We wanted to share our creation with family and friends the moment we cut into it.

“Being a witness through their process and being able to finally taste the final product, it was better than anything you can get from the store knowing that the girls made it with love and determination,” Natalie Bruening, Teddie’s mother, said.
It may have taken us about 4 weeks, but we finally did it, why go through all of this for a delicious piece of bread?
The art of sourdough is not only a fun process to create, but it has several benefits for your health. It follows the process of fermentation, which boosts flavor and digestion. Compared to regular white bread, sourdough is much easier for your body to break down and digest due to the production of an enzyme called phytase. This makes carbohydrates and proteins easier to break down and can even lead to a stronger, healthier digestive system. Although this may seem too complex or overwhelming, with only 2 simple ingredients for a starter–water and flour, anyone and everyone can try it at home.
It is gut-healthy and contains a large variety of vitamins and nutrients that your body needs to take in. It ranges from iron, magnesium, phosphorus, calcium, vitamin E, and several more (you get the point so I won’t bore you and name the 10 others).
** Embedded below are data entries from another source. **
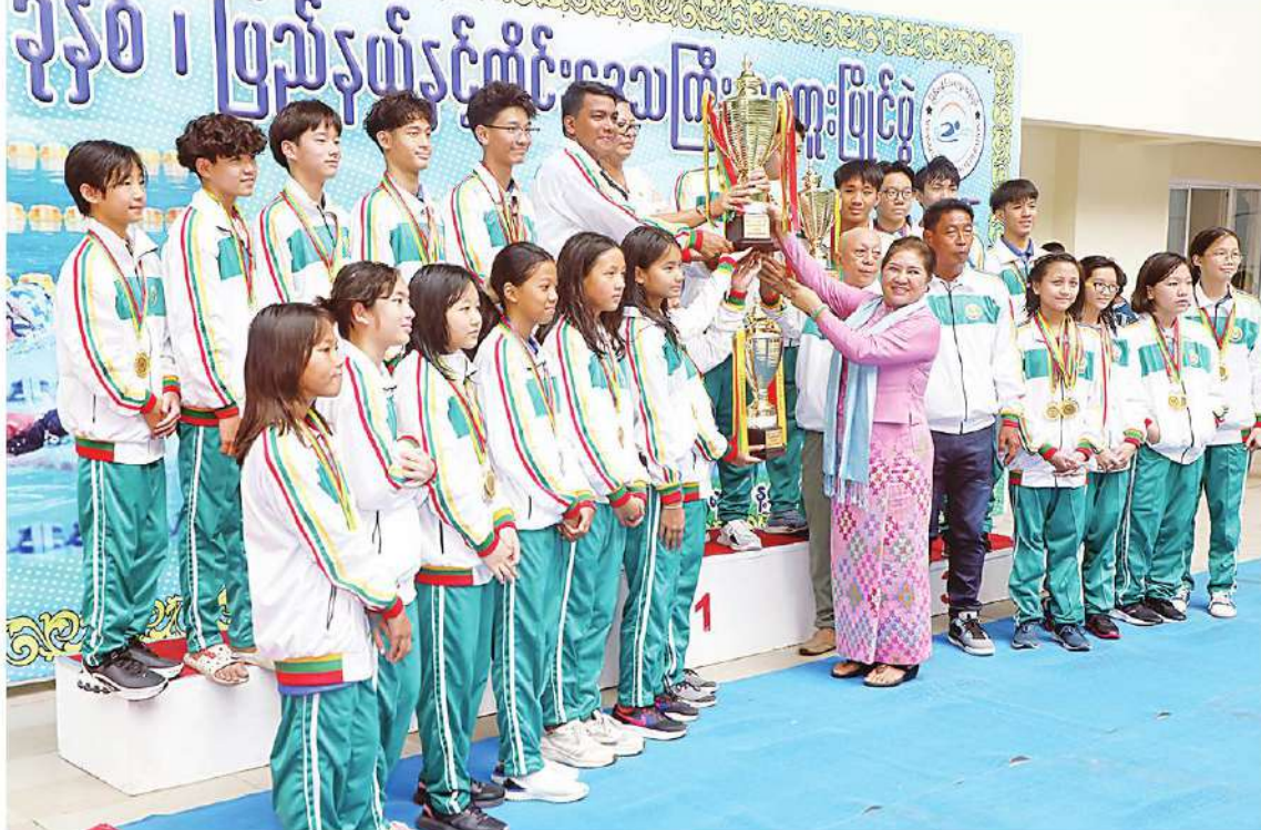
နေပြည်တော် ဇွန် ၁၃ ၂၀၂၄ ခုနှစ် ပြည်နယ်နှင့်တိုင်းဒေသကြီး ရေကူးပြိုင်ပွဲပိုလ်လှပွဲနှင့် ဆုချီးမြှင့်ပွဲအခမ်းအနားကို ယနေ့မနက်လွှဲပိုင်းတွင် နေပြည်တော်ရှိ ဝဏ္ဏသိဒ္ဓိရေကူးကန်၌ အုပ်ချုပ်ရေးကောင်စီအဖွဲ့ဝင်များဖြစ်ကြ ကျင်းပရာ နိုင်ငံတော်စီမံအုပ်ချုပ်ရေးကောင်စီအဖွဲ့ဝင်များ တက်ရောက်ကြည့်ရှုအားပေးကြသည်။ အခမ်းအနားသို့ နိုင်ငံတော်စီမံအုပ်ချုပ်ရေးကောင်စီအဖွဲ့ဝင်များဖြစ်ကြ များ၊ စာမျက်နှာ ၁၈ ကော်လံ ၁ ☆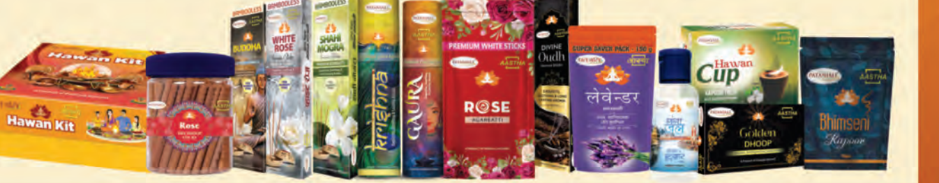
మీరు ఎంచుకున్న దేవుడిని ప్రార్థించడంలో మీకు సహాయపడడానికి 100% స్వచ్ఛమైన వెదురు లేని అగర్ బేస్, భీమ్సేని కర్పూరం, స్వచ్ఛమైన సువ్వల సూనె మరియు హవాన్ సమగ్రి.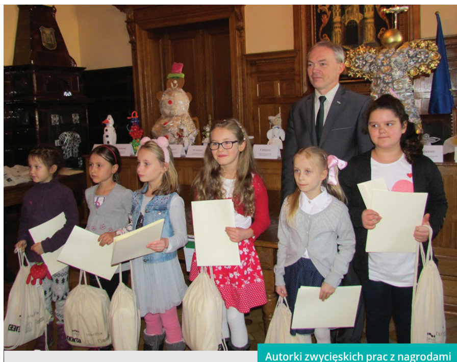
Autorki zwycięskich prac z nagrodami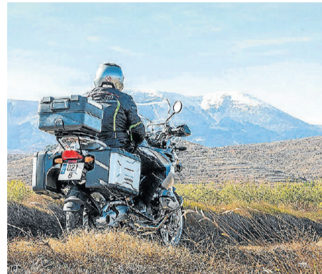
Sobre estas líneas, balneario de Paracuellos de Jiloca, en la Comunidad de Calatayud. A la izquierda, habitación en la hospedería del Monasterio de Rueda, en Sástago, y paisaje del Moncayo nevado.

“So many foods are filled with added, unnecessary, dangerous ingredients these days and the same goes for bread,” Mohar said. “The closer we are to the source of our food the better it is for us. If I have the ability to make homemade loaves of bread, as well as tons of other grain-centered foods from my sourdough starter in my own kitchen–why would I not?”
This is absolutely true because, typically, bread that you would buy from the store, more often than not, has preservatives to maintain better shelf life. Thickeners, artificial colors, and high-fructose corn syrup are just a few of the ingredients you may find in store-bought bread that you most definitely won’t find in your homemade bread.
“Making my own food allows me to choose healthier options, save money, and enjoy the satisfaction of creating something myself,” Patton said, continuing the recurring theme of sourdough’s healthier nature, of helping save money and gaining valuable experiences. We had our ups and downs, but overall, once the end product came together, it was a great mix of satisfaction and excitement.
Next time you are bored and don’t want to keep scrolling on social media, go to your kitchen and make sourdough! You probably have water, flour, and a jar at home, so join the process and try it out. If it all works out accordingly and you properly store and feed it, you can use the same starter indefinitely.